Hypatia is forced to admit later in the film that Ptolemy’s model of the solar system may be incorrect. She realizes that the planets may actually orbit the sun, and that these orbits must be elliptical, rather than perfectly circular. Whether or not this realization on her part is fictional or historical, we will never know, because her works were destroyed after the Christians burnt the library at Alexandria. But it leads her to question whether the universe even has a center. The social and political turmoil raging around her at the time was an indication that all really was ruled by chaos and disorder. The gods of old were failing, being replaced by Christ, whose message of love and charity seemed mostly lost on the “soldiers of Christ” who brutally murdered Hypatia in 415 CE.

I suppose this is the crux of it for the lover of wisdom: if human life is ruled by passion alone, reason is lost. But if it is ruled by reason alone, there is no longer any life to live. Might there be some hidden harmony between spirit and flesh? I believe there is, but this Great Balance is the hardest thing in or beyond the world to find. You might call it the heart, but don’t mistake my meaning for the physical organ. I am speaking of the Love which beats the heart, which bleeds into earthly life from beyond because it cannot bear to let us live and die alone.

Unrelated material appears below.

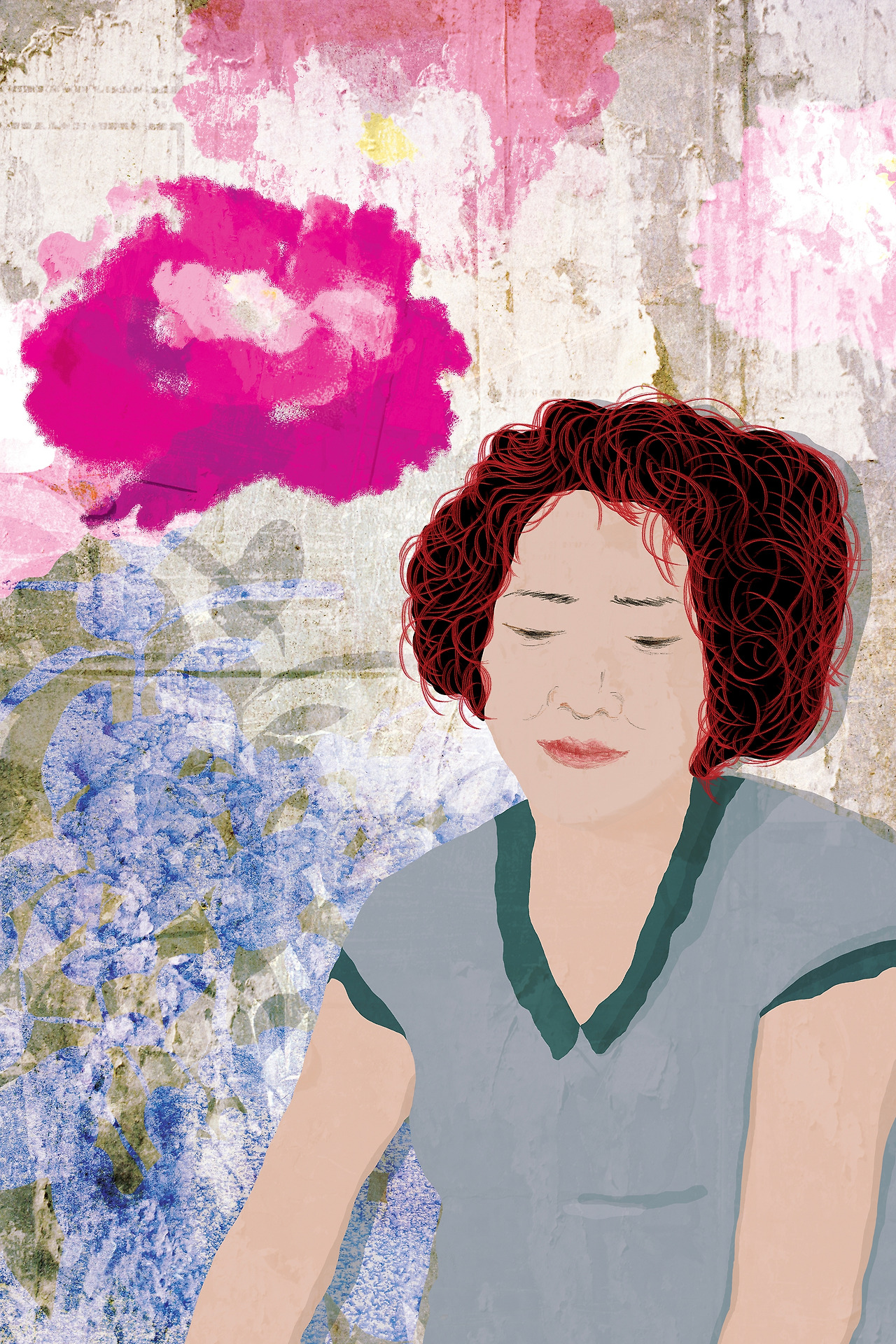 야근이 많은 디자이너이다 보니 새벽마다 조금씩 그려 완성된 그림을 엄마는 아주 만족해하셨다. 아마 배경으로 가장 좋아하는 자주색 목단을 그려 넣어서가 아니었을까? 꽃을 좋아하시니 아마 본인의 얼굴보다는 그 옆에 꽃이 좋았을 게다.

This is why philosophy cannot find its way without some reconciling agent who brings heaven down to earth. I’m not sure if any Platonist has ever truly felt at home on this wandering planet. I suspect not. And I’ve no idea who the Christians depicted in this film believed they were killing for. I suspect that Christianity swept across Europe for reasons that are just now becoming conscious to us. Initially, the human psyche was thrown into a violent battle against itself, old against new, mother against father, father against son, brother against brother. Perhaps the dust will settle soon and the trinity will become holy once more.